FanPost

FPF: Happy Félix Day

Otto Greule Jr/Getty Images

Here is former staff writer and forever friend of the blog Isabelle with a love Félix FanPost.

What is it about certain memories that makes our minds carve out such specific space for them? It seems reasonable to recall big moments in our lives with utmost clarity, but what about those brief snapshots of insignificant moments? The utterly generic activities that you can readily recall perfectly. Are they preserved so wholly by chance, or do we subconsciously tuck them away, anticipating that they may carry greater import down the road?

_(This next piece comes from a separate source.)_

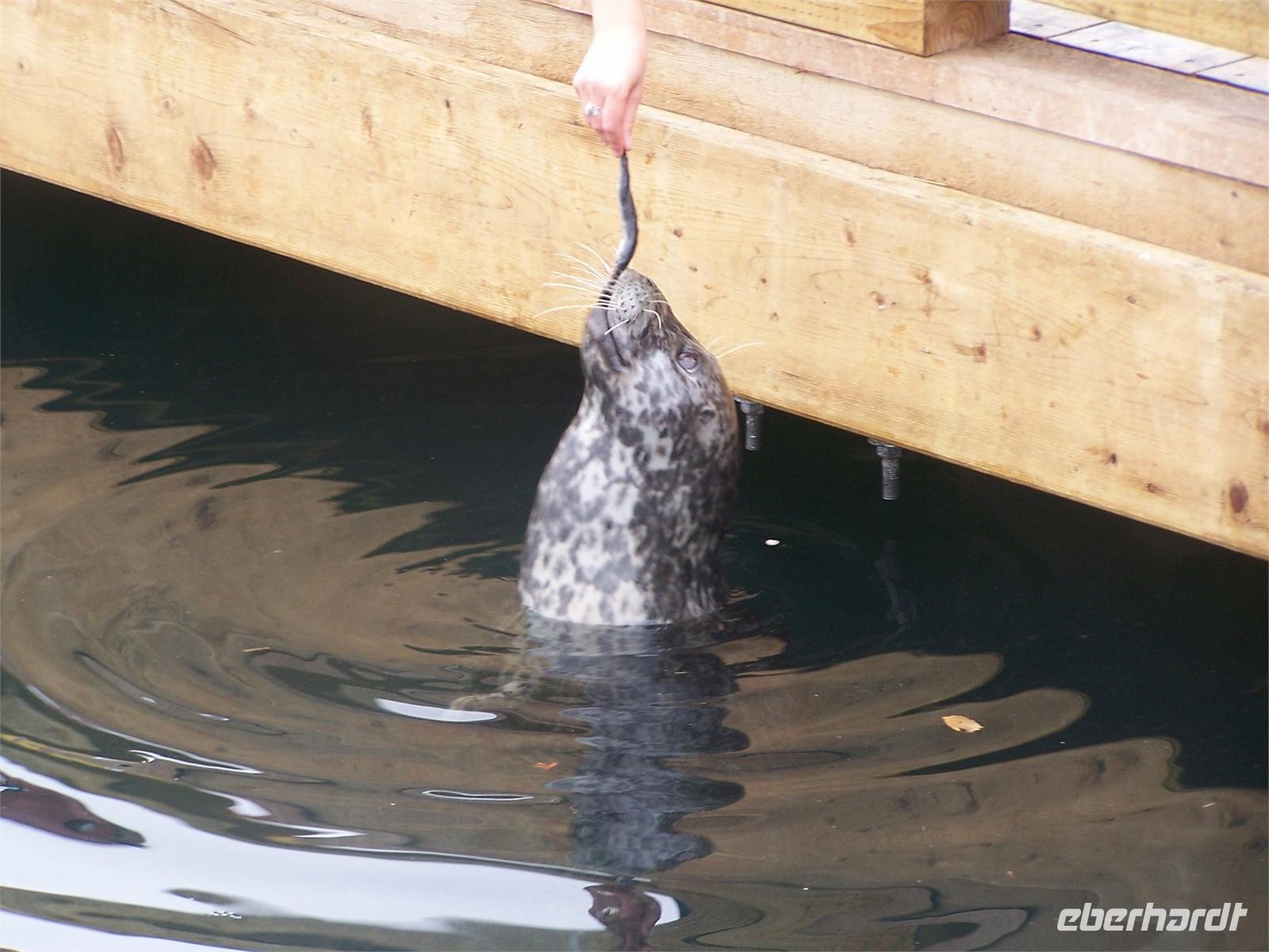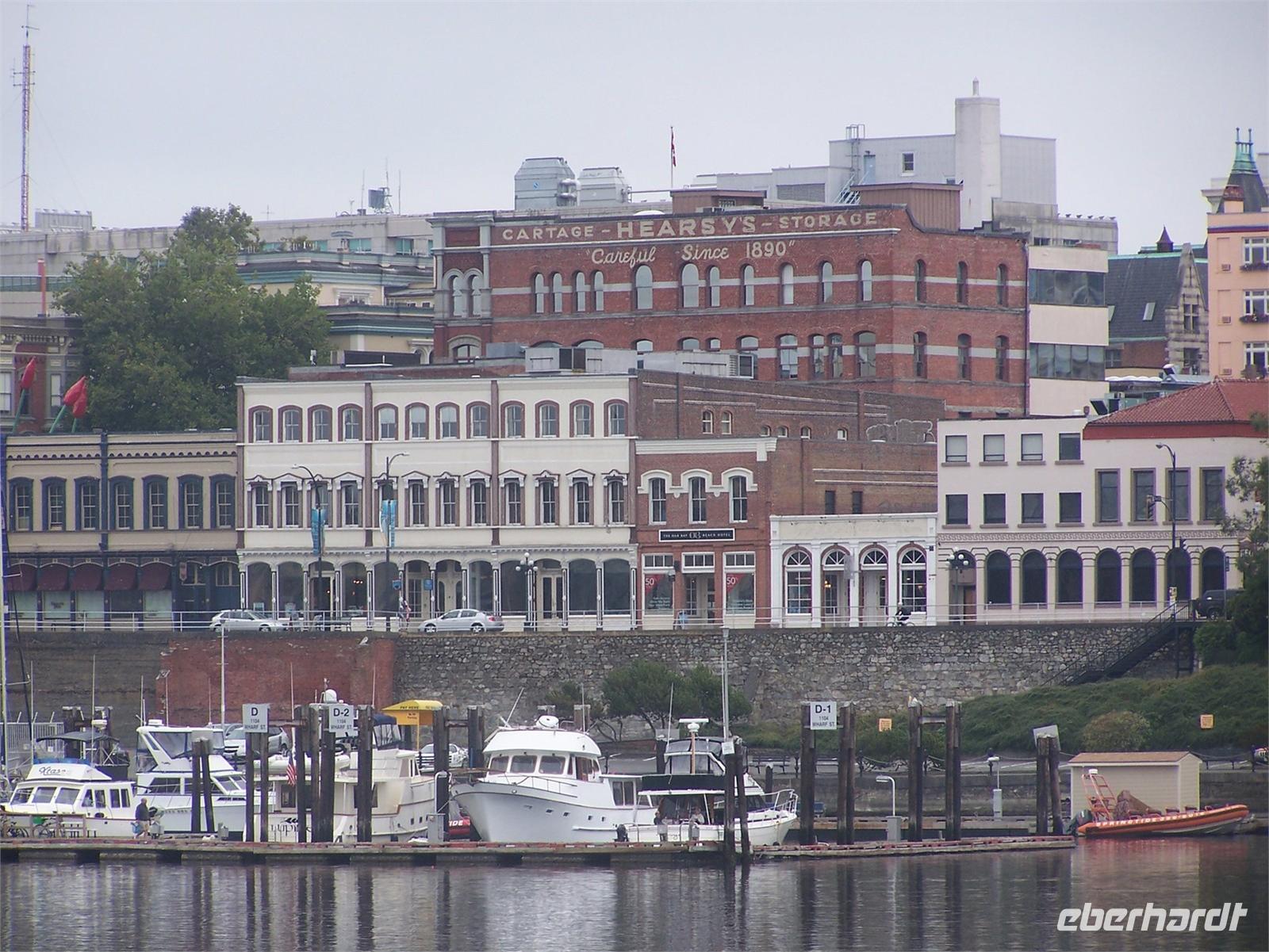Petrus hat uns wieder lieb. Die Sonne scheint über Victoria. Ab und an mischt mal eine Wolke dazwischen, aber das stört uns nach den vergangenen regenreichen Tagen nur wenig. Victoria bietet für jedes Interesse etwas. So ist es auch nicht verwunderlich, dass sich die Gruppe aufteilt. Ein kleiner Teil besucht am Vormittag die Miniaturwelt, ein größerer Teil schließt sich einem Spaziergang durch den Hafen und die Innenstadt von Victoria an. Der Spaziergang führt uns zunächst vorbei am Parlamentsgebäude bis nach Fisher Man´s Wharf. Diese kleine Siedlung von Hausbooten mit einem angeschlossenen Markt begeistert uns sofort. Beim Bummel über die Stege entdecken wir dann sogar noch einen Seehund, der sich an dieser Stelle anscheinend eingerichtet hat. Weiter geht es mit dem Hafentaxi zurück Richtung Canoe Club. Mein Vertrauen gewinnen die kleinen Boote zunächste nicht. In jedes Boot passen maximal 12 Personen. Bastiaan telefoniert kurz und wir bekommen ein eigenes Boot für unsere Gruppe. Von der Anlegestelle am Canoe Club aus erkunden wir weiter zu Fuß die Innenstadt. Zwischen Yates und Fort Street warten zahlreiche Innenhöfe nur darauf entdeckt zu werden.

For me, one such memory is from September 28, 2014 - or rather, I suppose, September 29th, in the dawning hours in Norwich, England. I don’t know why my mind has chosen to so carefully remember this moment, but it feels as real today as it did on that solitary early morning. My small laptop is propped on the inexplicable wood corner by the head of my bed, and I’m lying on my side as tears stream down my face. I can smell the distinctly industrial stuffiness of the room, feel the wood platform pressing into my right hip through the paltry mattress, and hear the crowd’s roar, tinny through computer speakers, as Félix Hernández walks off the mound. Everyone at Safeco Field is on their feet, and the King emerges from the dugout and into the sunshine, arms outstretched.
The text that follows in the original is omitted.